## AIM OF THE TASK
Within the listing below, the lines to output run from the one containing "14. Св. Владислав, Х." through the one containing "обновување на Охридската"; copy them exactly and nothing else.

## SOURCE RECORDS
• • • • • • •

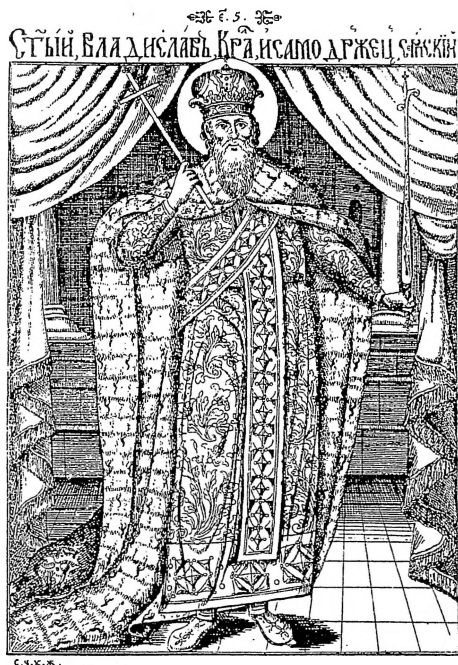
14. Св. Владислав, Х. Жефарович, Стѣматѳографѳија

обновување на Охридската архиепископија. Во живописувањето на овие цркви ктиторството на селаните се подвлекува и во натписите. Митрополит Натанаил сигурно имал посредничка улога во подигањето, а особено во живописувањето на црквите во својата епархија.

• • • • • • •

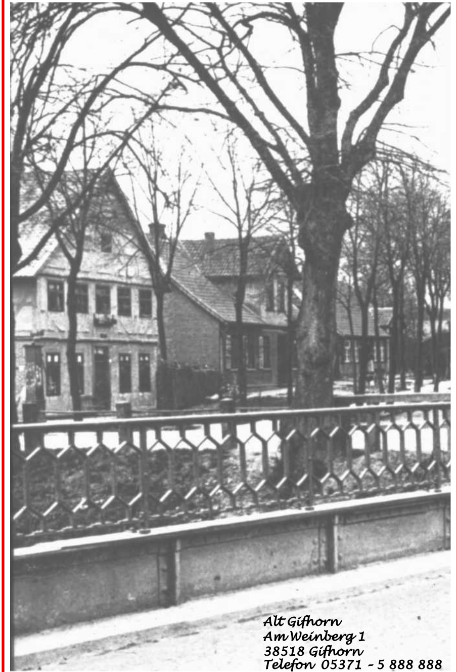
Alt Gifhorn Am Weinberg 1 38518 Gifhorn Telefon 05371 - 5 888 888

• • • • • • •

## ANSWER FOR THE TASK
14. Св. Владислав, Х. Жефарович, Стѣматѳографѳија

обновување на Охридската архиепископија. Во живописувањето на овие цркви ктиторството на селаните се подвлекува и во натписите. Митрополит Натанаил сигурно имал посредничка улога во подигањето, а особено во живописувањето на црквите во својата епархија.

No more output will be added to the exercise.